Since Severa used this in his work on the n-jet functor (for X the nerve of the pair groupoid over an arbitrary set), it should be possible. Nevertheless I can’t find an explicit construction including a proof that what he constructed is indeed $Hom_{Simpl}(X,Y)$.
By an explicit construction I mean something like: Let $f \in H$ be given, then the appropriate simplicial morphism $F$ is given by $F[n]= X_n \rightarrow Y_n$ as follows : ??? where the commutation with the face and degeneracy maps is seen as follows ??? … On the other side we that any simplicial morphism is given that way, because ???
….
So if someone could give me a proof (I think it will be an induction on something like $Hom_{Simpl}(Sk^n X,Y) \subset Hom_{Set}(X_n,Y_n)$ or $Hom_{Simpl}(Horn_j^n X,Y) \subset Hom_{Set}(X_n,Y_n)$ ) it would be great.
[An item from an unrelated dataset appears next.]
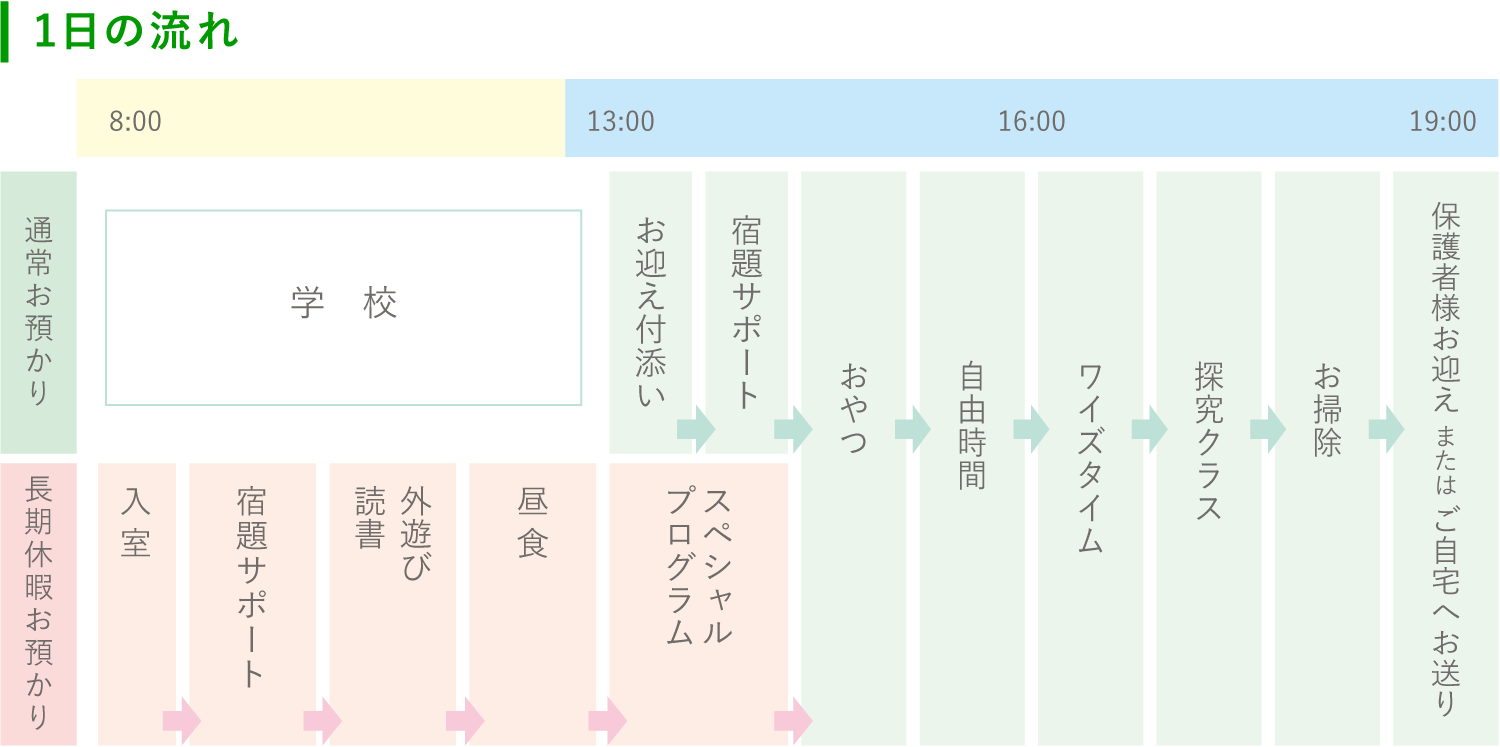 | お預かり時間 | 通常月:平日13:00~19:00 長期休暇月:平日8:00~19:00 (最長22時まで延長可能) |
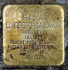 Le nom original de Paula Salomon-Lindberg est Paula Levi[2]. Son père est Lazarus Levi, juif Religionslehrer (de) et hazzan, qui avait une réputation particulière en tant que chanteur, bien au-delà de la ville de Frankenthal. Il est né le à Eckardroth et s'établit à Frankenthal en 1896, qui, à l'époque, appartenait à la Bavière. Le , il épouse Sophia Mayer, née à Frankenthal le . Le seul enfant issu du mariage est leur fille Paula. Lazarus Levi meurt le et sa femme, le , tous deux morts à Frankenthal. Leur tombe, au nouveau cimetière juif de Frankenthal, est toujours préservée aujourd'hui[3],[4].

Likely this doesn’t work for arbitrary simplicial sets X, so another topic is to find the appropriate conditions on X .
Moreover this should be put into the nLab, too…
If nobody knows a proof it would be nice, if we could work it out together. At the end I will take the time to put in the nLab. Unfortunately my skills on simplicial sets are not good enough, to do it by myself.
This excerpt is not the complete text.